One of his two great innovations was in the cheap and efficient mass production of steel
rails for railroad lines. The second was in his vertical integration of all suppliers of raw
materials. In the late 1880s, Carnegie Steel was the largest manufacturer of pig iron,
steel rails, and coke in the world, with a capacity to produce approximately 2,000 tons of
pig metal per day. In 1888, Carnegie bought the rival Homestead Steel Works, which
included an extensive plant served by tributary coal and iron fields, a 425-mile (685 km)
long railway, and a line of lake steamships. Carnegie combined his assets and those of
his associates in 1892 with the launching of the Carnegie Steel Company.
By 1889, the U.S. output of steel exceeded that of the UK, and Carnegie owned
a large part of it. Carnegie's empire grew to include the J. Edgar Thomson Steel Works,
(named for John Edgar Thomson, Carnegie's former boss and president of the
Pennsylvania Railroad), Pittsburgh Bessemer Steel Works, the Lucy Furnaces, the
Union Iron Mills, the Union Mill (Wilson, Walker & County), the Keystone Bridge Works,
the Hartman Steel Works, the Frick Coke Company, and the Scotia ore mines.
Carnegie, through Keystone, supplied the steel for and owned shares in the landmark
Eads Bridge project across the Mississippi River at St. Louis, Missouri (completed
1874). This project was an important proof-of-concept for steel technology, which
marked the opening of a new steel market.
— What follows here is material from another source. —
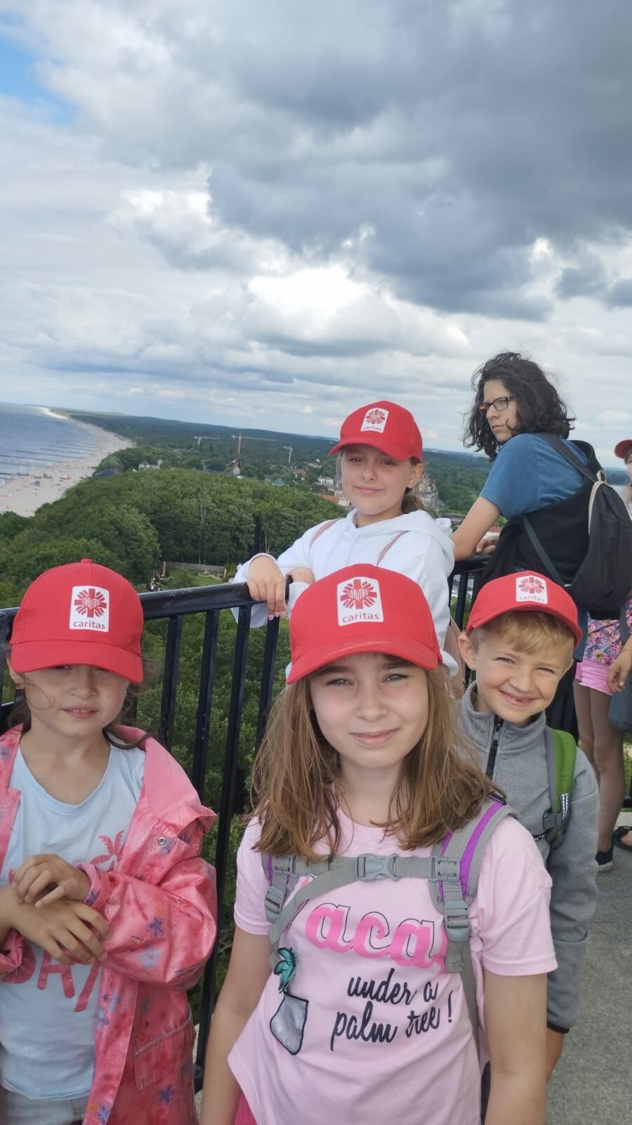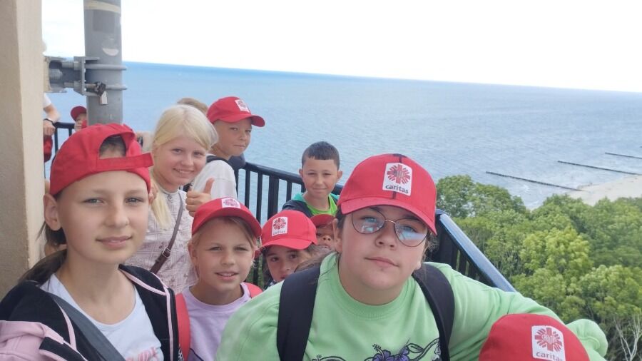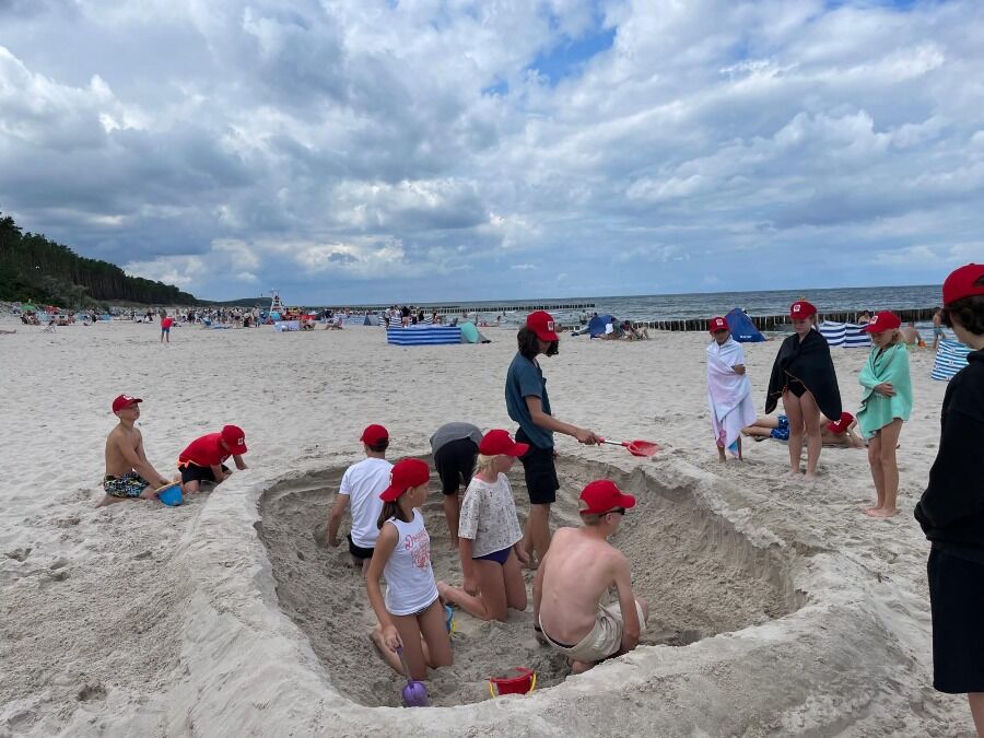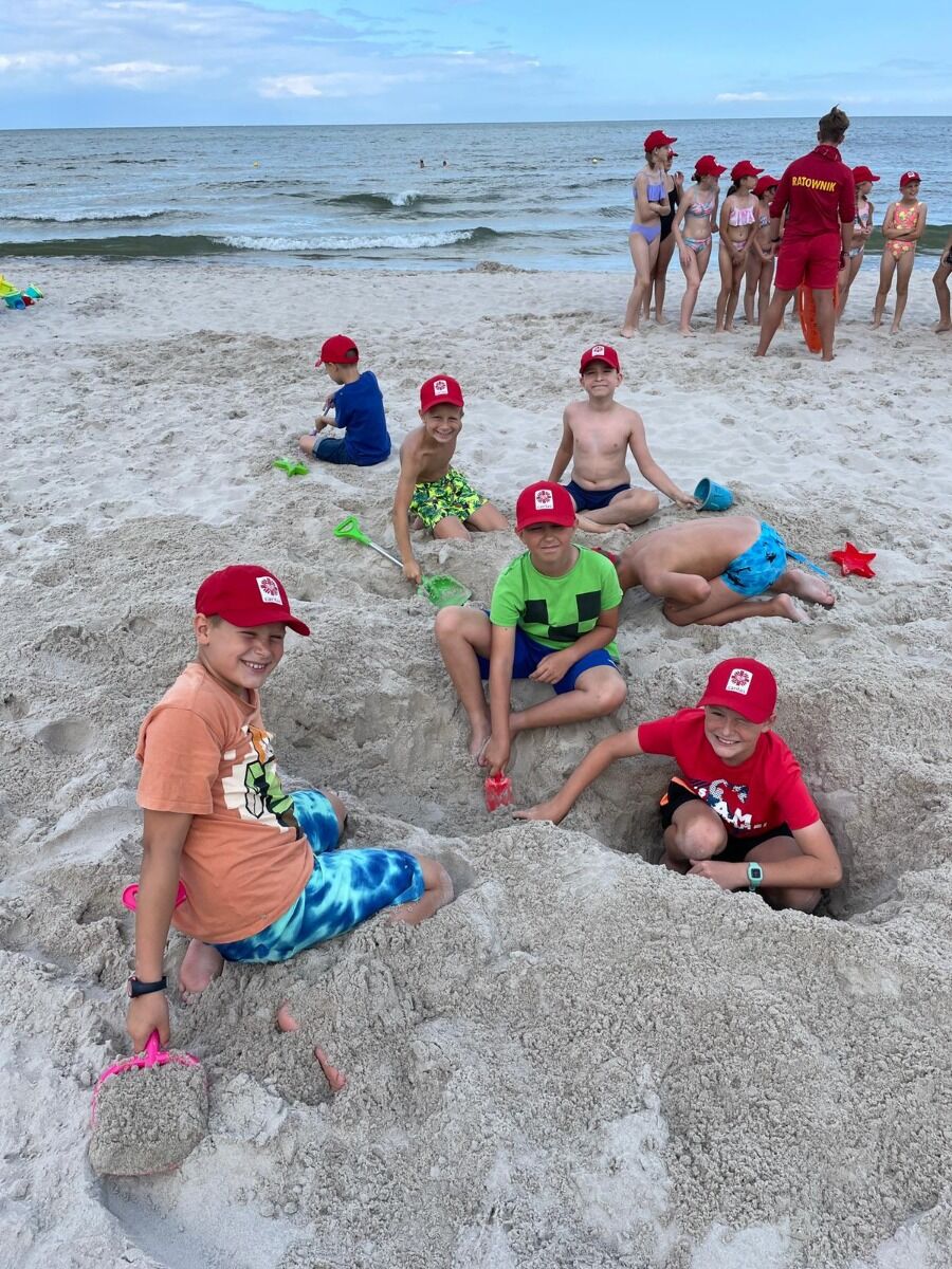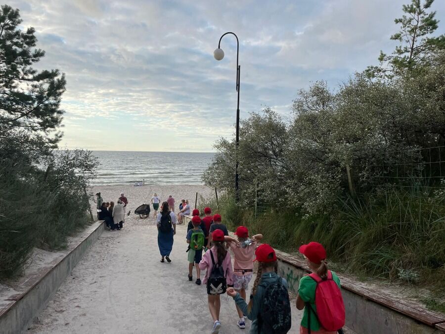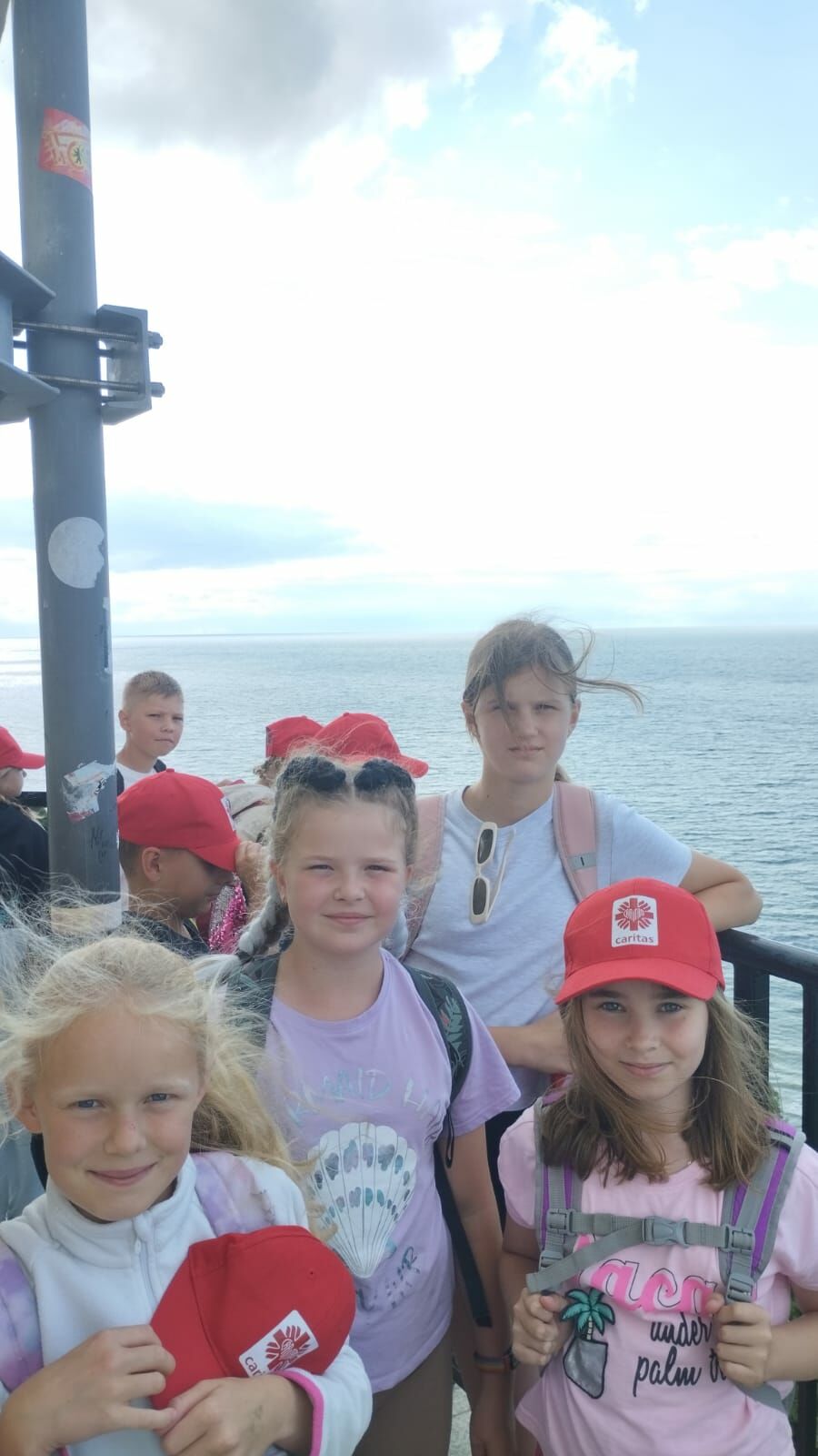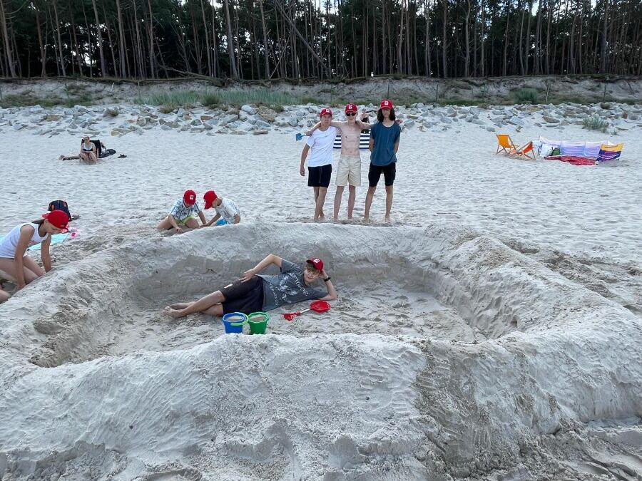 Dzisiaj nie rozpocęliśmy dnia od rozgrzewki, ale od spaceru na wschód słońca! Część grupy III i grupy II razem z wychowawczyniami udało się podziwiać to poranne przebudzenie jasności. Dopiero późnij do rannych ptaszków dołączyła reszta kolonii na tradycyjną rozgrzewkę. Po śniadanku mieliśmy czas na ośrodkowym boisku, gdzie graliśmy w siatkówkę, piłkę nożną i "ziemniaka". Następnie poszliśmy na plażę tworzyć budowle z piasku i kąpać się w Morzu, które miało dzisiaj, według tablicy informacyjnej, aż 19 stopni Celsjusza. Po obiedzie i odpoczynku wybraliśmy się na wycieczkę do Niechorza, gdzie zwiedziliśmy Latarnię Morską w Niechorzu. Ten zapierający dech w piersiach budynek, zbudowany w 1866 r., zrobił na nas wielkie wrażenie - tak samo jak widoki góry. Po powrocie kolacja, zakupy, gry planszowe i zasłużony odpoczynek na piasku, przy powoli zachodzącym słońcu. O 21 wspólnie odśpiewaliśmy Apel Jasnogórski i udaliśmy się na odpoczynek do pokojów, bo jutro czeka nas całodniowa wycieczka! :)

In 1901, Carnegie was 66 years old and considering retirement. He reformed his
enterprises into conventional joint stock corporations as preparation to this end. John
Pierpont Morgan was a banker and perhaps America's most important financial deal
maker. He had observed how efficiently Carnegie produced profit. He envisioned an
integrated steel industry that would cut costs, lower prices to consumers and raise
wages to workers. To this end, he needed to buy out Carnegie and several other major
producers and integrate them into one company, thereby eliminating duplication and
waste. He concluded negotiations on 2 March 1901, and formed the United States Steel
Corporation. It was the first corporation in the world with a market capitalization in
excess of $1 billion.
Carnegie spent his last years as a philanthropist. From 1901 forward, public
attention was turned from the shrewd business acumen which had enabled Carnegie to
accumulate such a fortune, to the public-spirited way in which he devoted himself to
utilizing it on philanthropic projects. He had written about his views on social subjects
and the responsibilities of great wealth in Triumphant Democracy (1886) and Gospel of
Wealth (1889).
Among his many philanthropic efforts, the establishment of public libraries
throughout the United States, the United Kingdom, and other English-speaking
countries was especially prominent. Carnegie libraries, as they were commonly called,
were built in many places. His method was to build and equip, but only on condition that
the local authority matched that by providing a site and operating maintenance. To
secure local interest, in 1885, he gave $500,000 to Pittsburgh for a public library, and in
1886, he gave $250,000 to Allegheny City for a music hall and library; and $250,000 to
Edinburgh, Scotland, for a free library. In total Carnegie funded some 3,000 libraries,
located in 47 states. Carnegie also built libraries in Canada and overseas in the United
Kingdom including the Republic of Ireland, Australia, New Zealand, the West Indies,
and Fiji. He also donated £50,000 to help set up the University of Birmingham in 1899.
The Broome County Public Library in New York opened in October 1904. Originally
called the Binghamton Public Library, it was created with a gift of $75,000 from Andrew
Carnegie. The building was designed to serve as both a public library and a community
center.
He gave $2 million in 1901 to start the Carnegie Institute of Technology (CIT) at
Pittsburgh, and the same amount in 1902 to found the Carnegie Institution at
Washington, D.C. He later contributed more to these and other schools. CIT is now part
of Carnegie Mellon University. Carnegie served on the Board of Cornell University.
His interest in music led him to fund construction of 7,000 church organs. He built
and owned Carnegie Hall in New York City.